-- What to work on --
Would you write out the entries again, exactly as they are, but without images?
BEGIN Exercise input
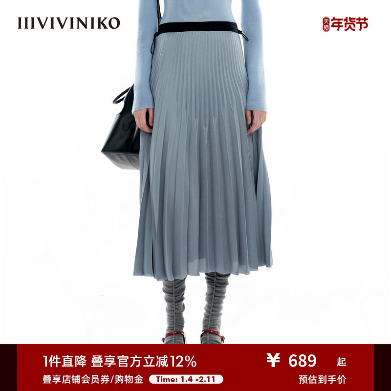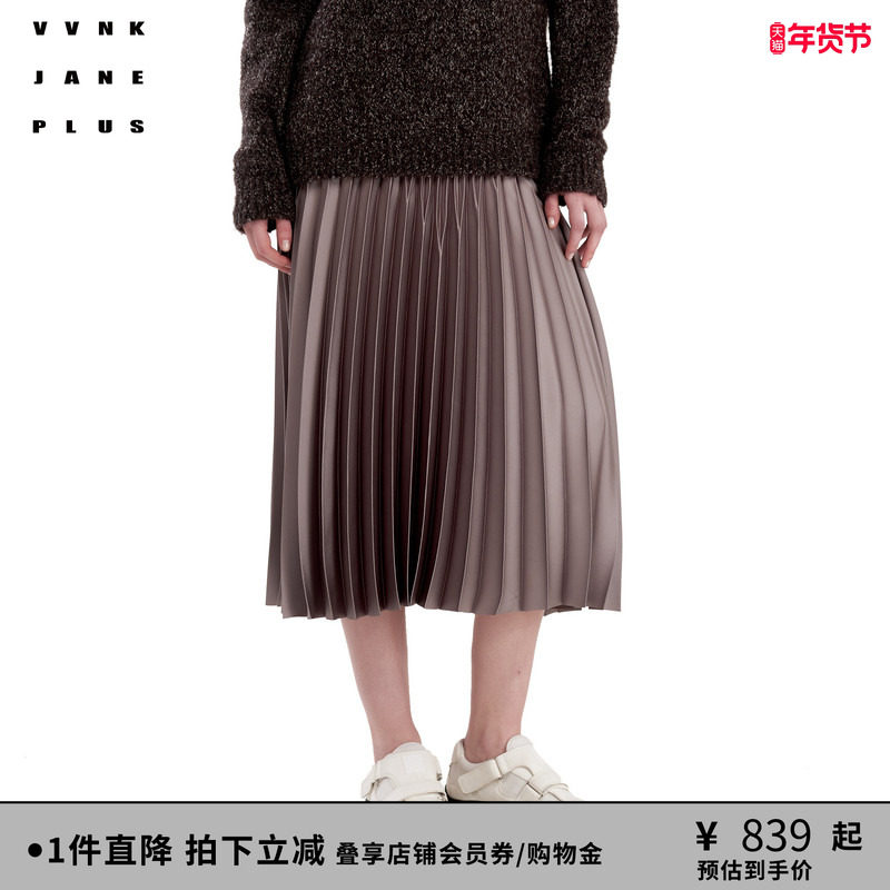【王霏霏同款】VVNK JANE PLUS秋新款宽松缎面百褶半身长裙女
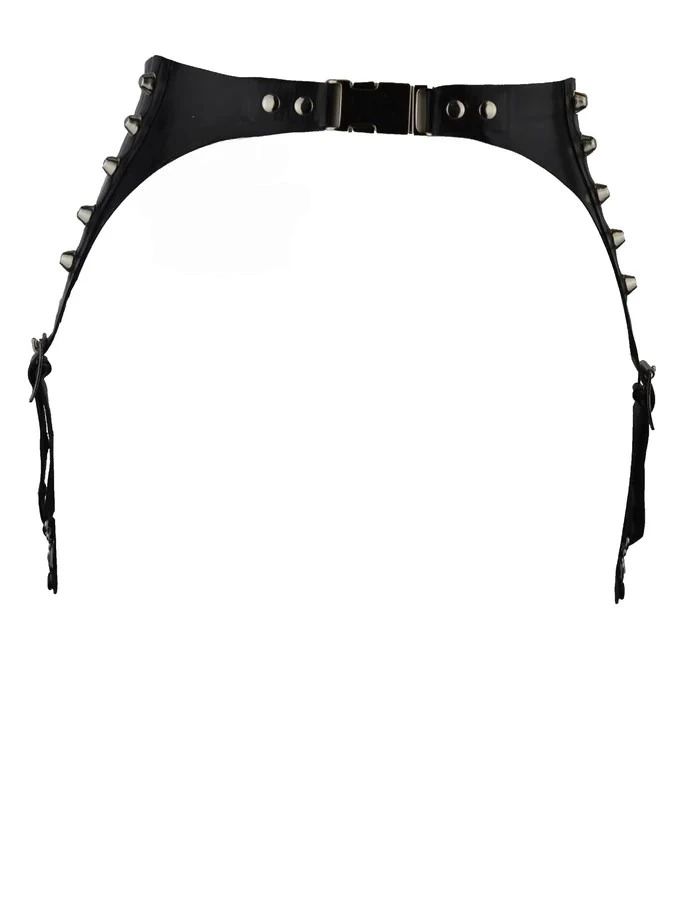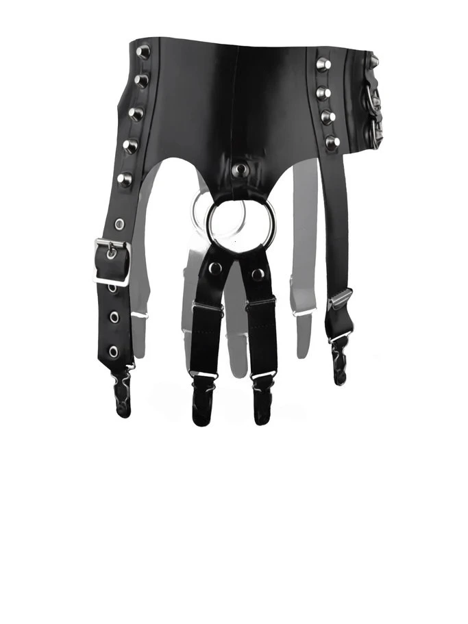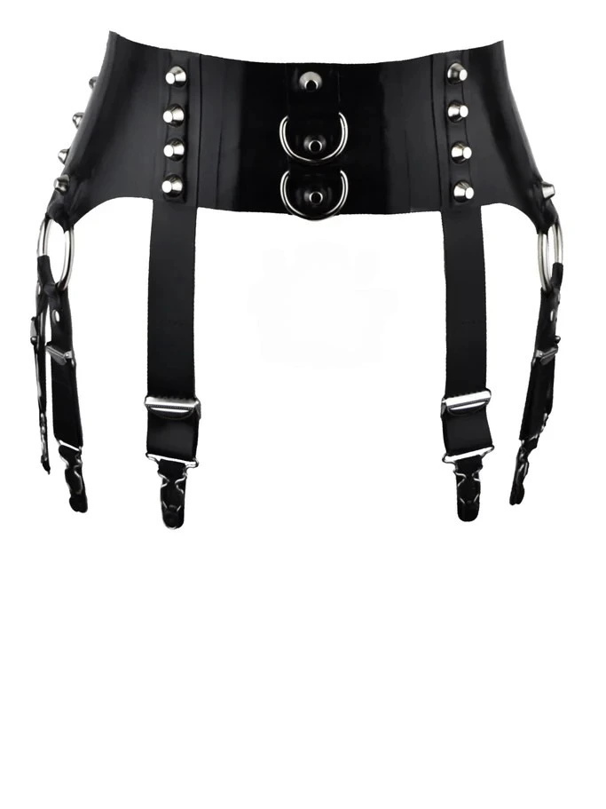 Latex 8 strap suspender belt with studs, rings and buckles. Fastens at the back with a chrome clip
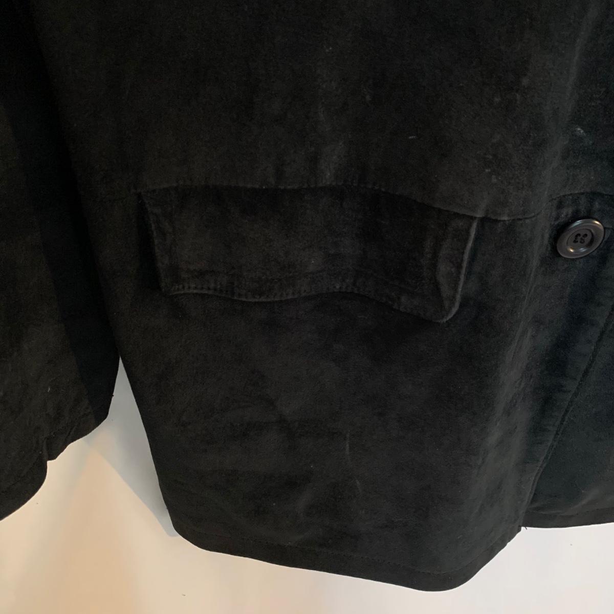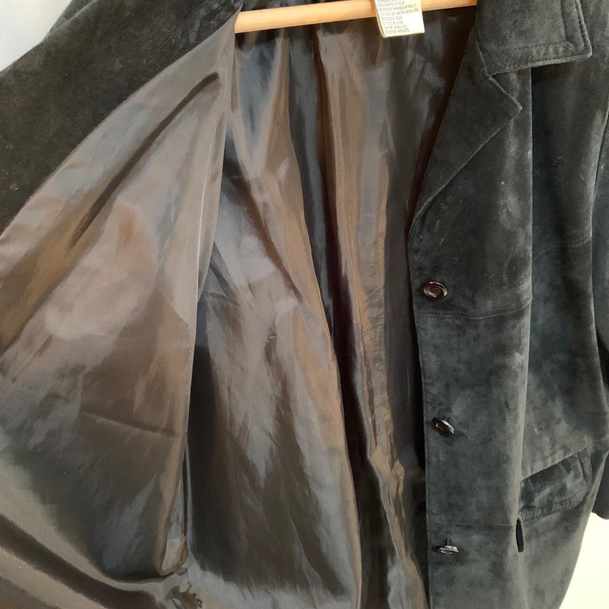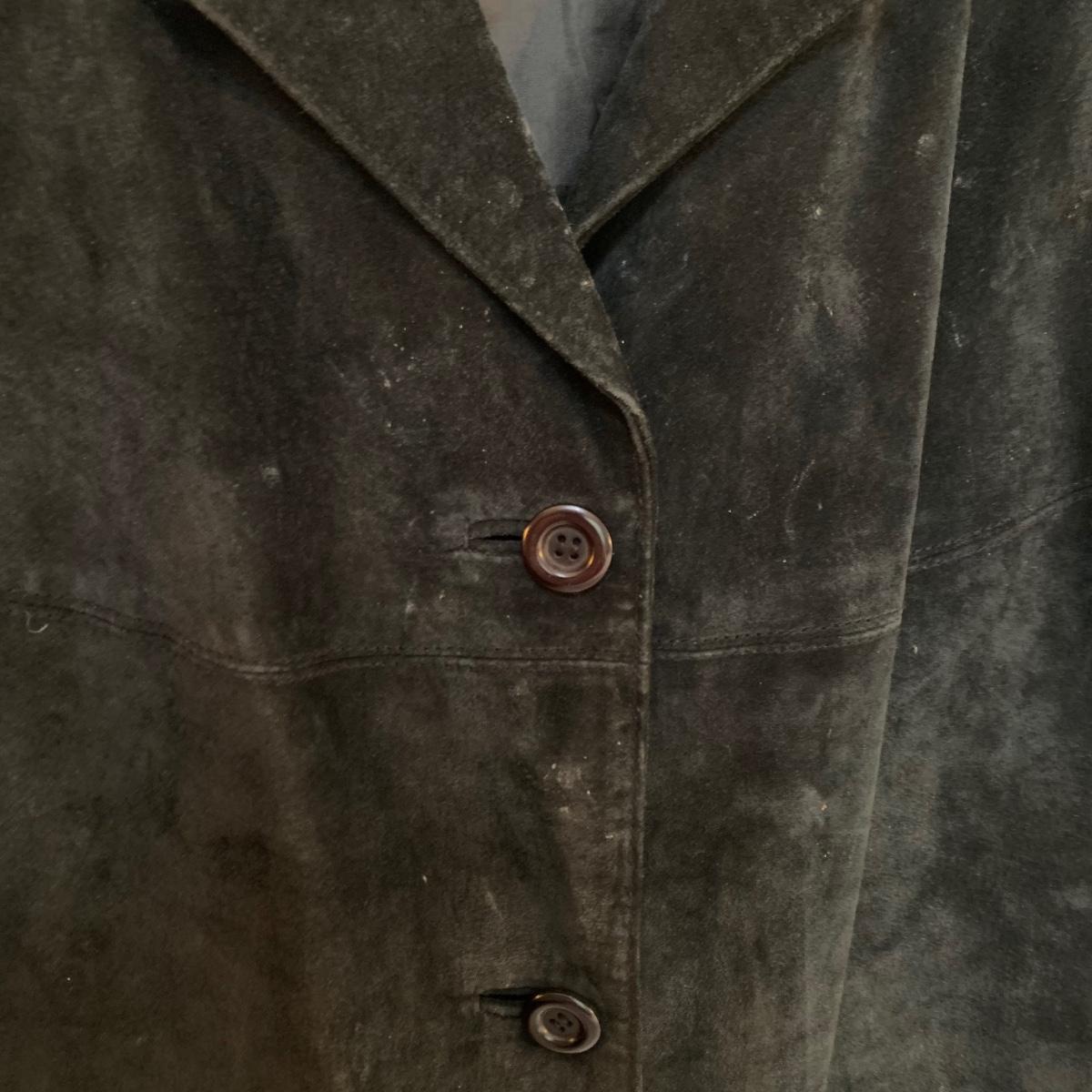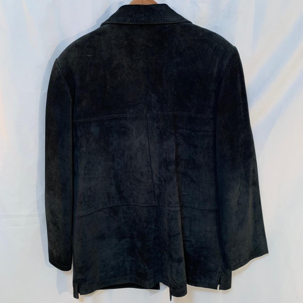 Two 100% genuine leather jackets, both size M. Both the black Jessica Holbrook jacket and the maroon Dialogue jacket have front pockets, button-down front closures, and polyester linings. From the shoulder, the black jacket is 31” long and the maroon is 27.5”. Both are in good condition. The black jacket has some small specks that seem easily cleanable. Wood hangers not included.
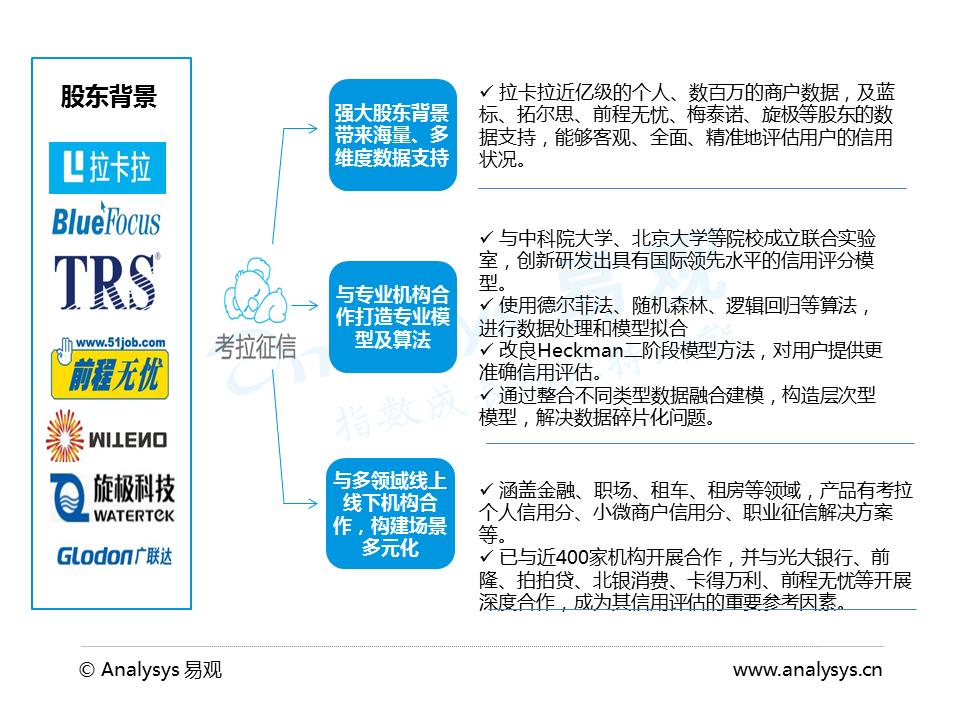 考拉征信由拉卡拉联合蓝标、拓尔思、前程无忧等上市公司共同成立,依托多元的海量数据、领先的大数据处理技术,推出面向政务、商务、社会、法务、个人全方位的信用服务体系,考拉征信的核心竞争力源于其多年的支付行业经历所积累的个人、商户、企业数据以及股东多维度的数据补齐。
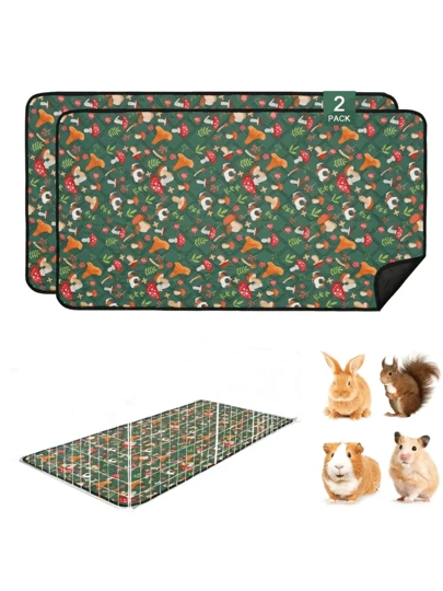 2 Packs Green Mushroom Pattern Guinea Pig Cage Mats - Washable, Reusable, Super Absorbent, Suitable For Rabbits, Hamsters, Guinea Pigs And Other Small Pets - 47.2 Inches X 120 Cm - Multicolor - View 1
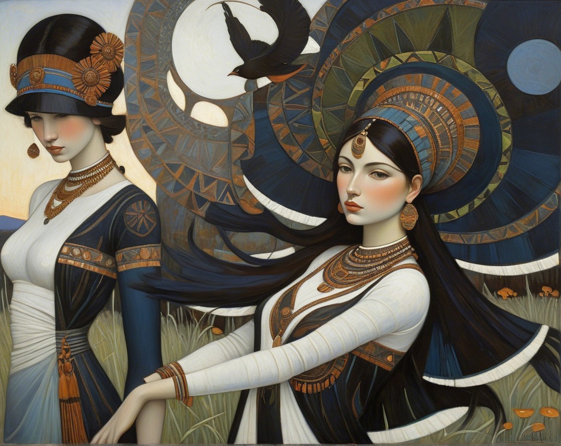 The image features four elegantly dressed women in rich blue and white attire, adorned with jewelry. They stand confidently against a backdrop of a stylized, intricate tree design.
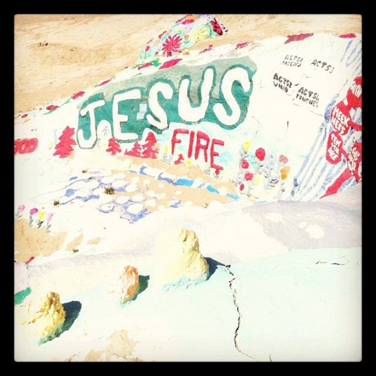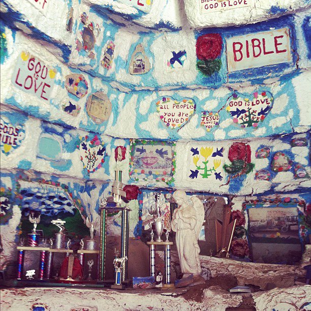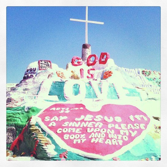 My southern California adventures continued yesterday with a trip to National Folk Art Site Salvation Mountain. Built by Leonard Knight on the outskirts of Niland, California, the message is simple: God is Love. These words are painted dozens of times on the giant kaleidoscopic mountain that Leonard has dedicated his life to creating. His interpretation of the Bible is equally simple: accept Jesus into your heart, repent your sins, and be saved.
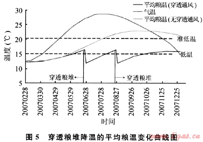 第二種方法是先將污氮采用噴霧加濕,溫度從10℃降至5.3℃,相對濕度增至29%,然后將此低溫污氮氣體進行糧堆穿透通風(fēng),平均糧溫變化曲線如圖5所示。由圖可知,無穿透降溫時倉內(nèi)平均糧溫在8月份已經(jīng)超過20℃的準低溫標準。為了實現(xiàn)低溫儲糧,當平均糧溫超過15℃時,采取污氮穿透糧堆的通風(fēng)方式進行降溫,將糧食冷卻到12℃;隨著外界環(huán)境對糧溫的影響,冷卻后的糧溫會繼續(xù)升高,當平均糧溫升高到15℃時,繼續(xù)采用穿透糧堆通風(fēng)的方式進行降溫,從而實現(xiàn)全年的低溫儲糧。
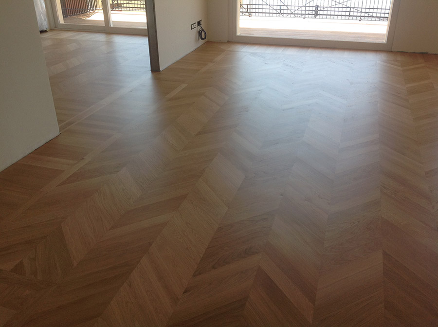 Posa in opera di Lamparquet di Rovere a spina francese con fascia e bindello e con finitura Oleouretanica Satinata.
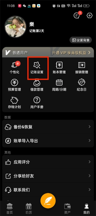 2、在我的页面中会有个性化、预算管理、记账设置、借款管理等,点击【记账设置】
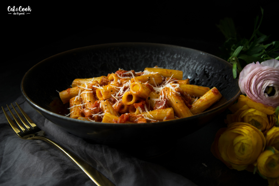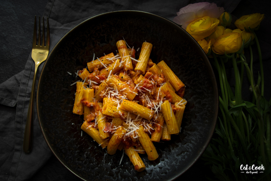 Když nepočítám carbonary, je to moje nejoblíbenější italská omáčka! Původní název byl griscia od vesničky Grisciano, kde je místní pastýři začali jako první připravovat, tehdy ještě bez rajčat. Lidé v městě Amatrice přidali rajčata a omáčka amatriciana byla na světě 🙂 Tohle všechno se událo už na konci 17.století!
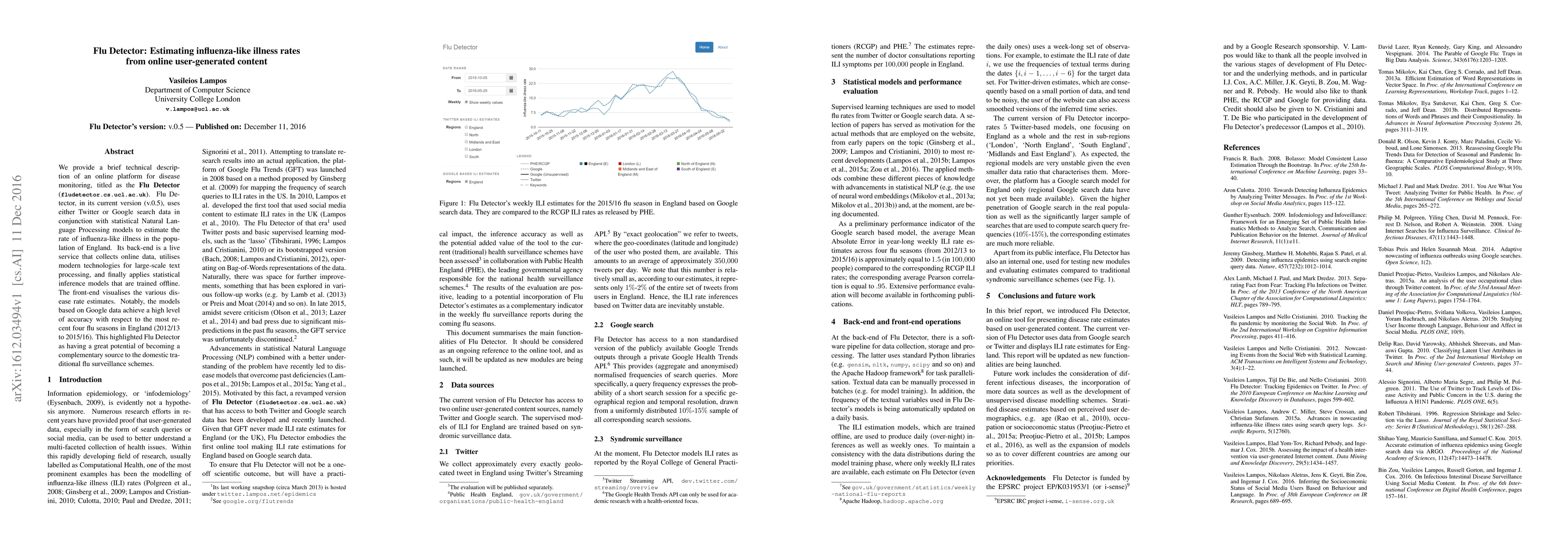 The Flu Detector platform estimates influenza-like illness rates using Twitter or Google search data and NLP models, achieving high accuracy for recent flu seasons in England. It serves as a potential complementary tool to traditional flu surveillance methods.
END Exercise input
-- Answer --
【王霏霏同款】VVNK JANE PLUS秋新款宽松缎面百褶半身长裙女
 Latex 8 strap suspender belt with studs, rings and buckles. Fastens at the back with a chrome clip
 Two 100% genuine leather jackets, both size M. Both the black Jessica Holbrook jacket and the maroon Dialogue jacket have front pockets, button-down front closures, and polyester linings. From the shoulder, the black jacket is 31” long and the maroon is 27.5”. Both are in good condition. The black jacket has some small specks that seem easily cleanable. Wood hangers not included.
 考拉征信由拉卡拉联合蓝标、拓尔思、前程无忧等上市公司共同成立,依托多元的海量数据、领先的大数据处理技术,推出面向政务、商务、社会、法务、个人全方位的信用服务体系,考拉征信的核心竞争力源于其多年的支付行业经历所积累的个人、商户、企业数据以及股东多维度的数据补齐。
 2 Packs Green Mushroom Pattern Guinea Pig Cage Mats - Washable, Reusable, Super Absorbent, Suitable For Rabbits, Hamsters, Guinea Pigs And Other Small Pets - 47.2 Inches X 120 Cm - Multicolor - View 1
 The image features four elegantly dressed women in rich blue and white attire, adorned with jewelry. They stand confidently against a backdrop of a stylized, intricate tree design.
 My southern California adventures continued yesterday with a trip to National Folk Art Site Salvation Mountain. Built by Leonard Knight on the outskirts of Niland, California, the message is simple: God is Love. These words are painted dozens of times on the giant kaleidoscopic mountain that Leonard has dedicated his life to creating. His interpretation of the Bible is equally simple: accept Jesus into your heart, repent your sins, and be saved.
 第二種方法是先將污氮采用噴霧加濕,溫度從10℃降至5.3℃,相對濕度增至29%,然后將此低溫污氮氣體進行糧堆穿透通風(fēng),平均糧溫變化曲線如圖5所示。由圖可知,無穿透降溫時倉內(nèi)平均糧溫在8月份已經(jīng)超過20℃的準低溫標準。為了實現(xiàn)低溫儲糧,當平均糧溫超過15℃時,采取污氮穿透糧堆的通風(fēng)方式進行降溫,將糧食冷卻到12℃;隨著外界環(huán)境對糧溫的影響,冷卻后的糧溫會繼續(xù)升高,當平均糧溫升高到15℃時,繼續(xù)采用穿透糧堆通風(fēng)的方式進行降溫,從而實現(xiàn)全年的低溫儲糧。
 Posa in opera di Lamparquet di Rovere a spina francese con fascia e bindello e con finitura Oleouretanica Satinata.
 2、在我的页面中会有个性化、预算管理、记账设置、借款管理等,点击【记账设置】
 Když nepočítám carbonary, je to moje nejoblíbenější italská omáčka! Původní název byl griscia od vesničky Grisciano, kde je místní pastýři začali jako první připravovat, tehdy ještě bez rajčat. Lidé v městě Amatrice přidali rajčata a omáčka amatriciana byla na světě 🙂 Tohle všechno se událo už na konci 17.století!
 The Flu Detector platform estimates influenza-like illness rates using Twitter or Google search data and NLP models, achieving high accuracy for recent flu seasons in England. It serves as a potential complementary tool to traditional flu surveillance methods.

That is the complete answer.